Rick Schreurs

78 Chapter 4 Limitations This study concerns experiments in a small number of porcine hearts. While this species is frequently used for cardiovascular research, a limitation is that the degree of dyssynchrony induced by LV and RV pacing is smaller than in other species like man and dog. We hypothesize that the concept of mean effective AV-delay works better in humans, due to a greater amount of interventricular dyssynchrony, which was also the case in the CircAdapt computer model [18]. A model of total AV-block was used because this allowed observing the isolated effect of changes in AV-delay, while in many patients AV-conduction might be present. In such situation fusion of intrinsic conduction and paced activation waves may occur, thereby changing the amount of interventricular dyssynchrony. Furthermore, the optimal AV-delay was based on acute hemodynamic improvements while an autonomic regulatory response characterized by changes in peripheral arterial resistance and pressure might be likely to occur. Beat-to-beat measurements in patients have shown though, that the initial increment in cardiac output would sustain throughout a longer period [31], but acute hemodynamic improvements may not (fully) translate into clinical improvements.
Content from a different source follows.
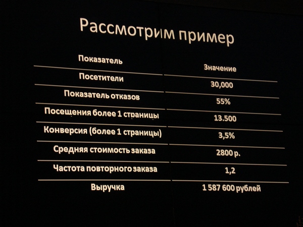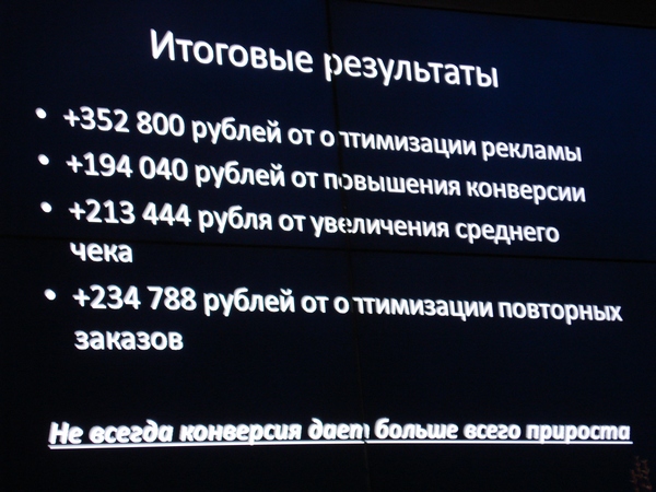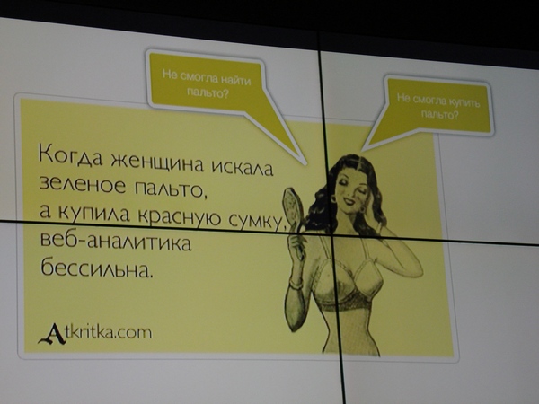 Первым на сцену вышел Андрей Юнисов из WebProfiters с презентацией «Самая большая ошибка всех веб-аналитиков». Довольно громкое название, не так ли? Что же это за ошибка? Оказывается, первоочередная цель веб-аналитиков – повышение конверсии – не такая уж и первоочередная, ведь в конечном итоге все упирается в выручку, полученную в результате конверсии. И именно на выручку, по словам Андрея, нужно обратить особое внимание. Вместо того чтобы лить воду, докладчик сразу же начал сыпать цифрами.
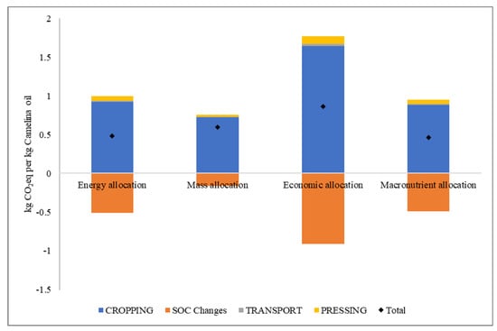 Depending on the allocation method (energy, mass, or economic allocation), the total climate impact, including SOC effects of camelina oil production, varied between around 0.5 and 1 kg CO2 eq/g camelina oil (Figure 5). The cropping system had the highest impact in the different allocations, which indicates the importance of good crop management to maintain yield in the following crop and optimization of cropping systems with respect to, for example, nitrogen use efficiency and yield to achieve sustainable crop production in practice [20]. In the case of camelina grown in Sweden, field trials are needed to establish agronomic practices. Further, in the cropping phase, nitrogen fertilizer-related emissions are dominating. It is important to highlight that the nitrogen fertilization rates for camelina grown in Swedish crop rotations are unknown, and the rate in the present study was based on earlier studies. To lower climate impact from cropping, it would be beneficial to, for example, grow camelina after a crop that tends to leave available nitrogen in the soil; in that way, camelina could utilize that nitrogen and potentially decrease nitrogen leaching while fertilization rates could be kept lower.

CONCLUSION This experimental animal study has identified interatrial delay and interventricular dyssynchrony as important influencers for the optimal AV-delay to be programmed. The optimal AV-delay increases with greater interatrial delay due to RA pre-excitation and with pre-excitation of the LV. Furthermore, the mean effective AV-delay corrected for heart rate seems a good and widely applicable predictor for the optimal hemodynamic effect of pacing since it takes into account both RV and LV function. Additional research should be performed to examine how this parameter can be implemented to optimize atrioventricular optimization in patients.